TASK DATA.
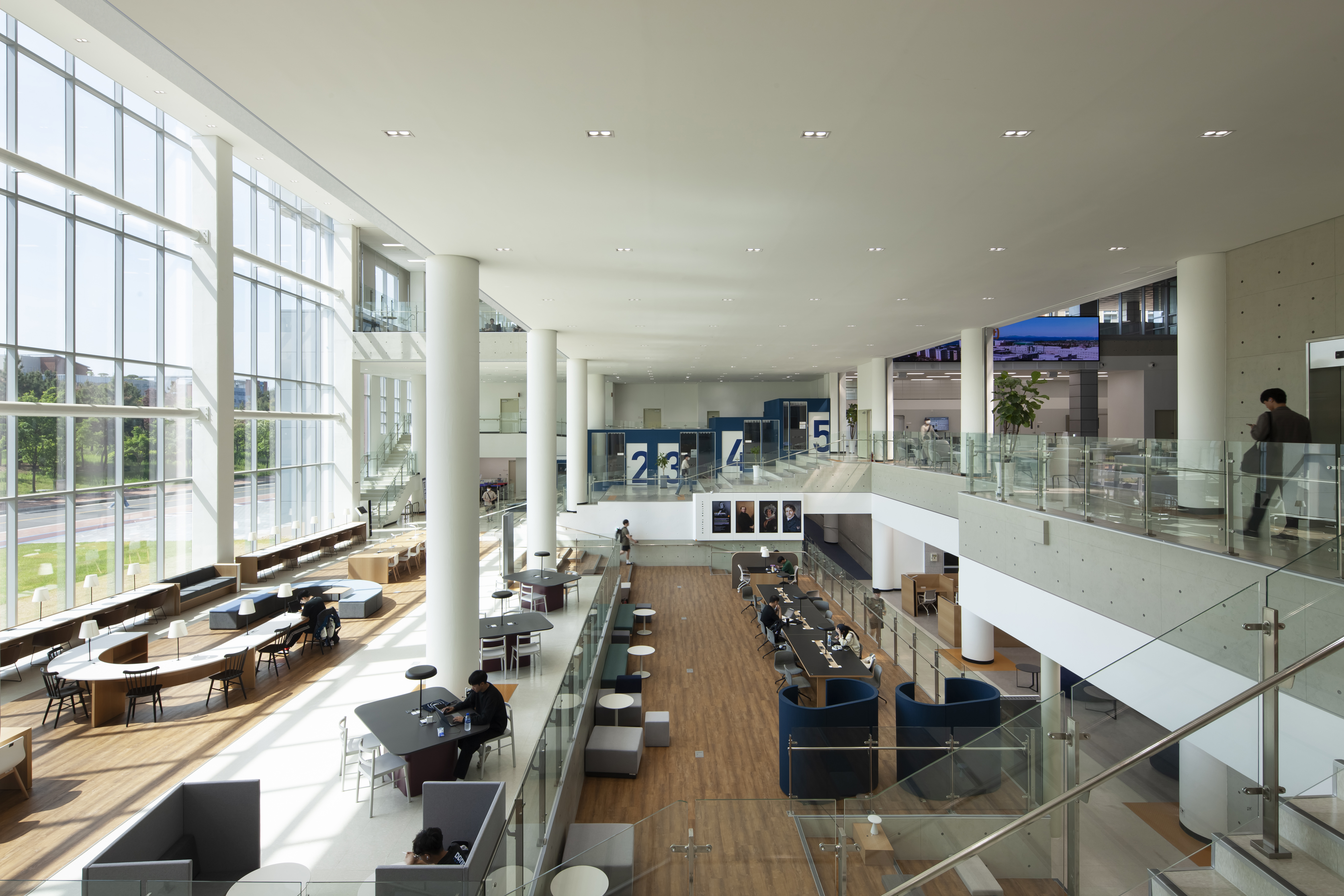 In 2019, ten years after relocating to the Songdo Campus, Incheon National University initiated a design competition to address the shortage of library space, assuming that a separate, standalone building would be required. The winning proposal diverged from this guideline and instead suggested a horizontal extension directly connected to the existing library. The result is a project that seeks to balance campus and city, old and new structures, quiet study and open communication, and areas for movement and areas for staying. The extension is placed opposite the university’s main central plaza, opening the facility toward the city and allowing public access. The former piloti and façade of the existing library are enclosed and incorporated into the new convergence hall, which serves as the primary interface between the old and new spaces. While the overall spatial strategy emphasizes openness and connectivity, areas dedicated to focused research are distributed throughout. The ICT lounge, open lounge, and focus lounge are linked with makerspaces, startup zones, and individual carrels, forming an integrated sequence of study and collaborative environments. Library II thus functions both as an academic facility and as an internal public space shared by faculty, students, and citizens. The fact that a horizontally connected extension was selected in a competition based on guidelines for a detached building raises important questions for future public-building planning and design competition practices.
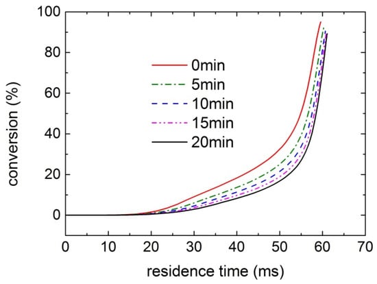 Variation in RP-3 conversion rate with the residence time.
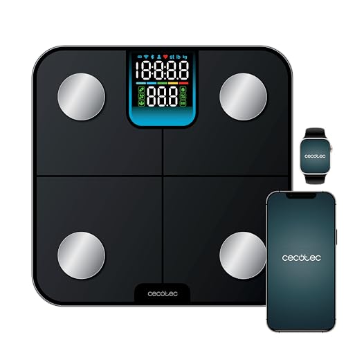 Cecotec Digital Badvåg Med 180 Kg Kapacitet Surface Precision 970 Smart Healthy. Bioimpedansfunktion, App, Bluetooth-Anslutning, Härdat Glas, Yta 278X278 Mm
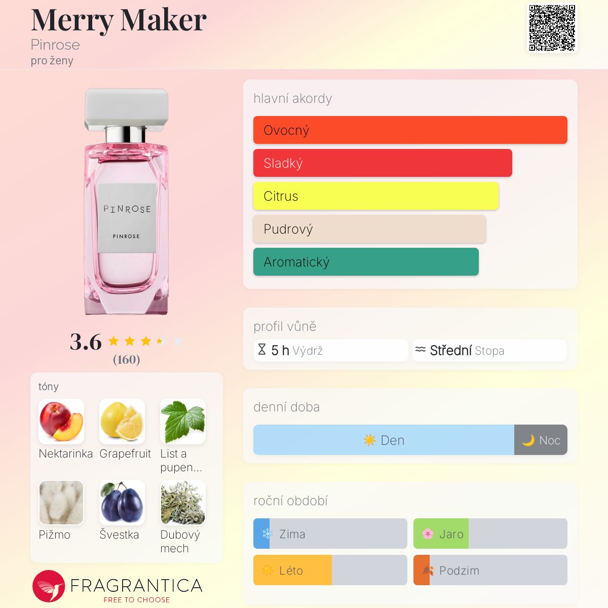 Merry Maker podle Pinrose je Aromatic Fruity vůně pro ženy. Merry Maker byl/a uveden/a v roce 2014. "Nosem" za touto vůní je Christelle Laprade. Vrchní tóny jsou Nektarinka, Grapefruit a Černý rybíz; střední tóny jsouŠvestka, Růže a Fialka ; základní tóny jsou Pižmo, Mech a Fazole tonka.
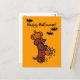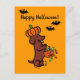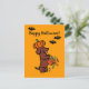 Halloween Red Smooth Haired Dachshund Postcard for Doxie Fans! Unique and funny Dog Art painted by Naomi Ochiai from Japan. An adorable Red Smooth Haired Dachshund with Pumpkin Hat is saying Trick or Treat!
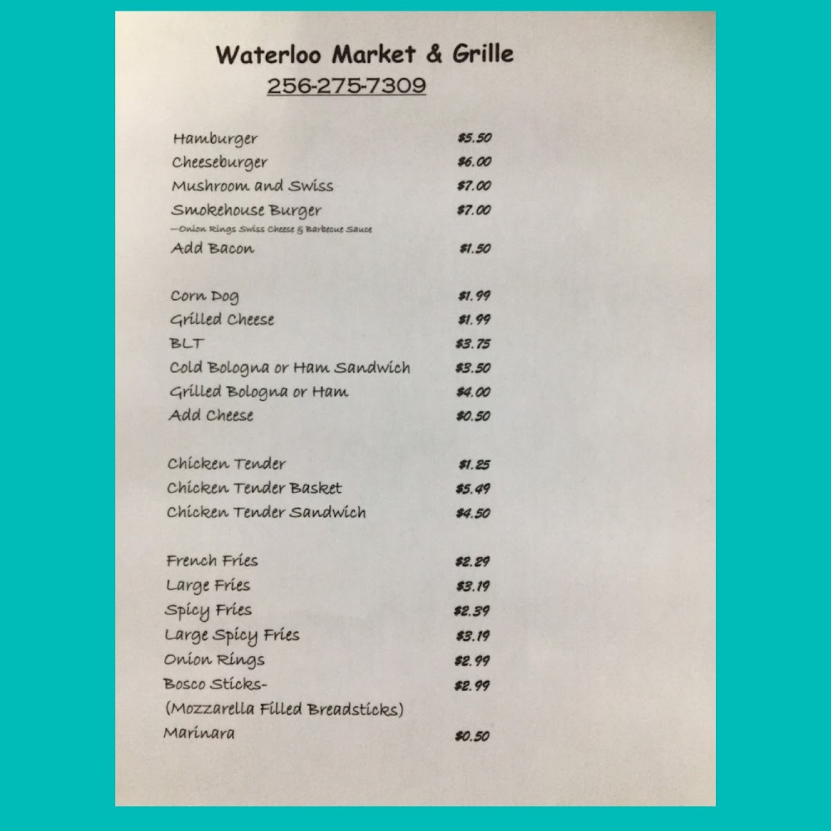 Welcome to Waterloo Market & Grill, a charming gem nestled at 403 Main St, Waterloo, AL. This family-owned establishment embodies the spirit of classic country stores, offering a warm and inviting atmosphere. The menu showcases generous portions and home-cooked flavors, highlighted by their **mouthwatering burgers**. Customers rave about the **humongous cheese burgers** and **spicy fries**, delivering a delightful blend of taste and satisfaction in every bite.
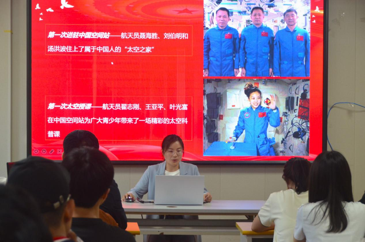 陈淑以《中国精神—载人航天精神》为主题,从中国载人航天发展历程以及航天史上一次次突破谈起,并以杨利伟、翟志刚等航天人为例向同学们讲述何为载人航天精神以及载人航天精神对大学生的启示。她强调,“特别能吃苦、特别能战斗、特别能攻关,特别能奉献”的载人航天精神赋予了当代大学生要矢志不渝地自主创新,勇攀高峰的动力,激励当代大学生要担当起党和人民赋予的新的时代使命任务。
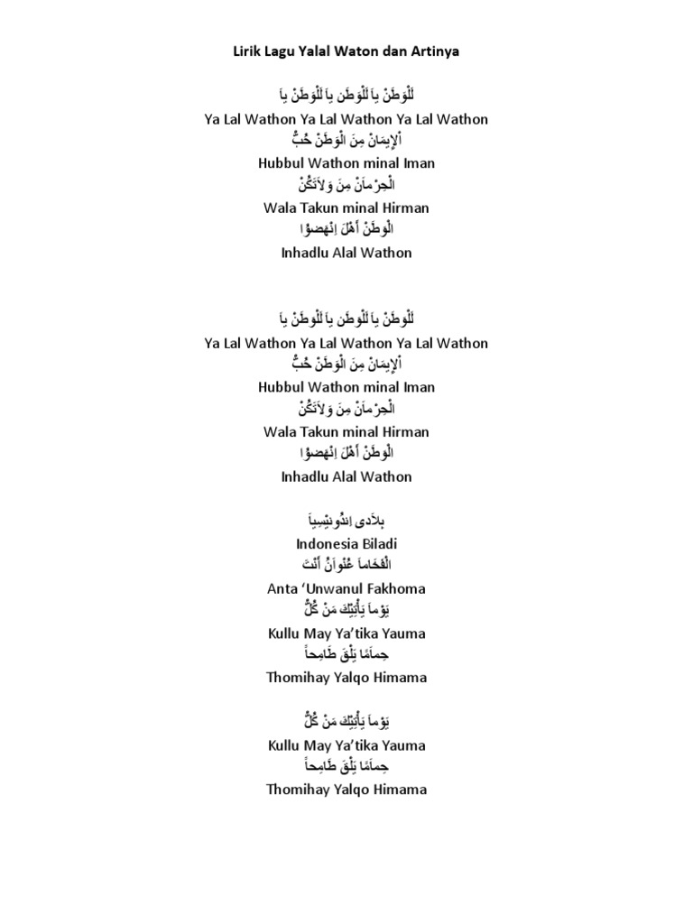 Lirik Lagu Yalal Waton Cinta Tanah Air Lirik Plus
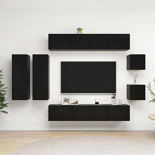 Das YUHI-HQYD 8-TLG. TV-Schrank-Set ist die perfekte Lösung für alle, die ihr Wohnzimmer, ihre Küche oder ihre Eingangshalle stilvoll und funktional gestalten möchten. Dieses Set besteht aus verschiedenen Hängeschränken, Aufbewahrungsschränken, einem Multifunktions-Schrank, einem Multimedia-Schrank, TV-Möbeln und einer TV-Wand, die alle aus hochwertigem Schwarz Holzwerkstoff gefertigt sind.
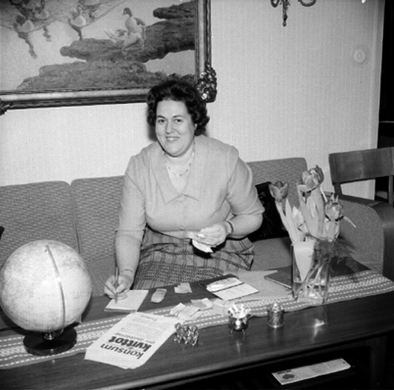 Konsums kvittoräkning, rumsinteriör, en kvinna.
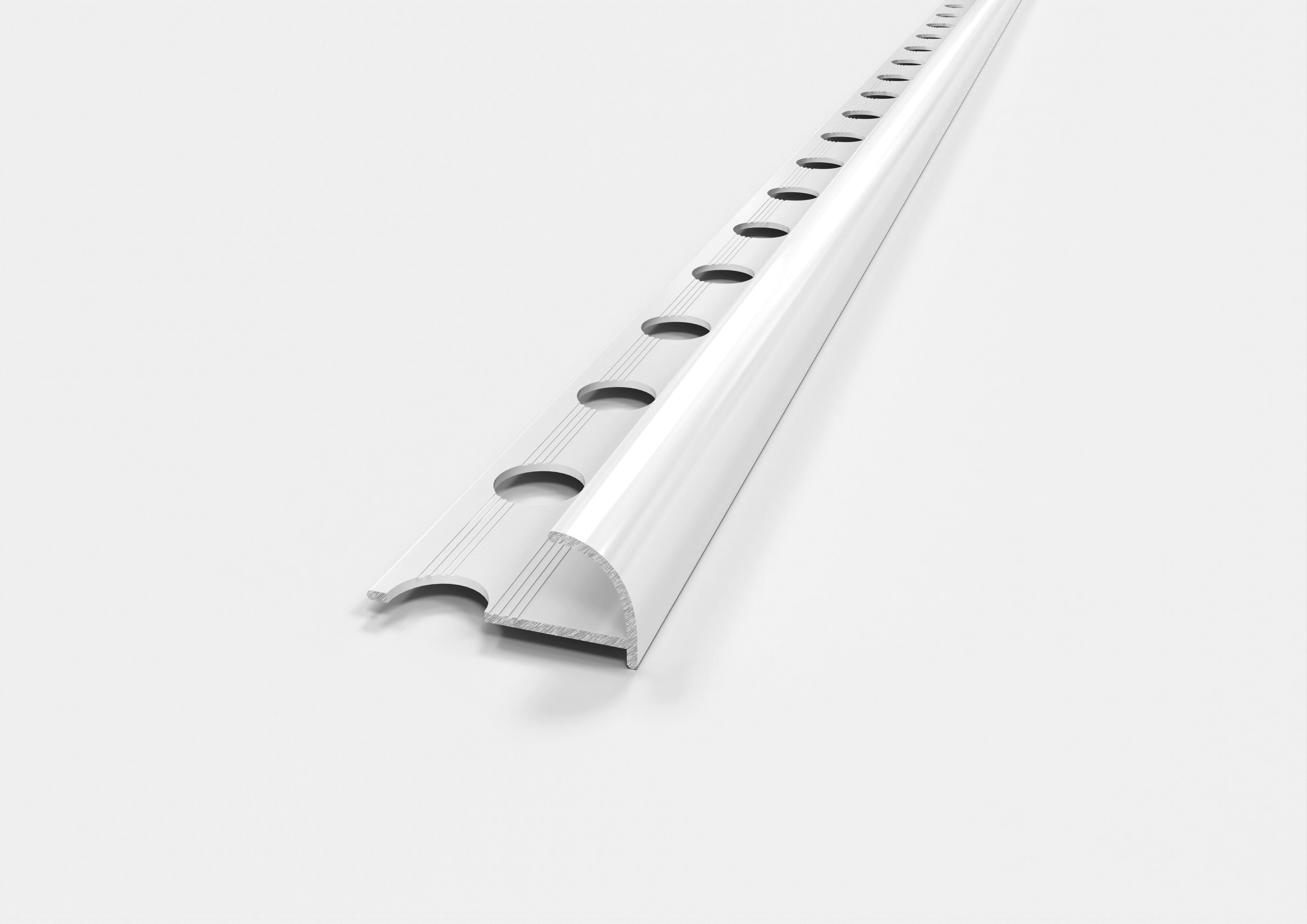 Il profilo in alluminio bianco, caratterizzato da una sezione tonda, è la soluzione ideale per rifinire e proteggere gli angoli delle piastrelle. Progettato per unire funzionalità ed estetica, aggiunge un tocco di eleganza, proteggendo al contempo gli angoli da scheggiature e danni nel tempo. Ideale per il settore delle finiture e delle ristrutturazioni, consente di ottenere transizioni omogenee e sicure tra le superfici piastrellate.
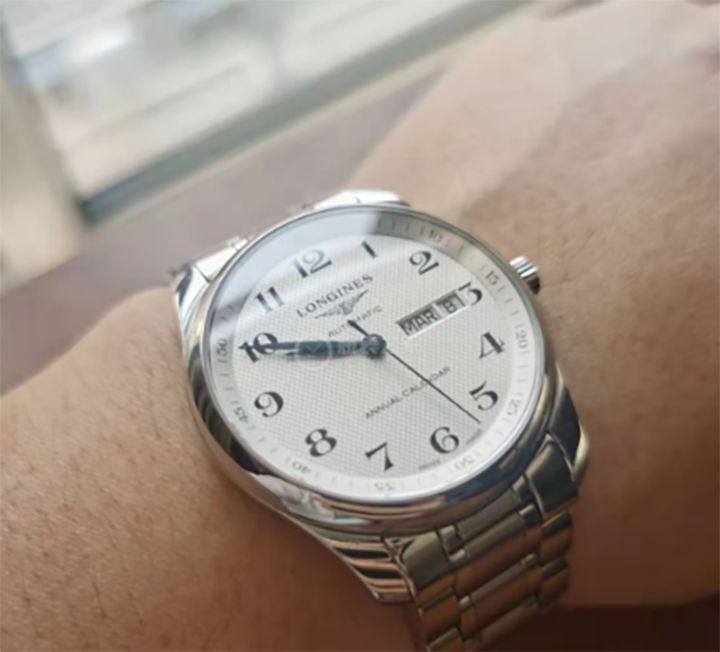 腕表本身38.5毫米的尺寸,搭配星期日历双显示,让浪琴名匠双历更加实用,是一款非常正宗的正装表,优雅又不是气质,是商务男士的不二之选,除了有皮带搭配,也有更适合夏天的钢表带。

ASSIGNMENT. Starting at the line above that contains "陈淑以《中国精神—载人航天精", transcribe every line exactly through the line that contains "Lirik Lagu Yalal", including that last one, and skip the pictures.

ANSWER TO THIS EXERCISE.
 陈淑以《中国精神—载人航天精神》为主题,从中国载人航天发展历程以及航天史上一次次突破谈起,并以杨利伟、翟志刚等航天人为例向同学们讲述何为载人航天精神以及载人航天精神对大学生的启示。她强调,“特别能吃苦、特别能战斗、特别能攻关,特别能奉献”的载人航天精神赋予了当代大学生要矢志不渝地自主创新,勇攀高峰的动力,激励当代大学生要担当起党和人民赋予的新的时代使命任务。
 Lirik Lagu Yalal Waton Cinta Tanah Air Lirik Plus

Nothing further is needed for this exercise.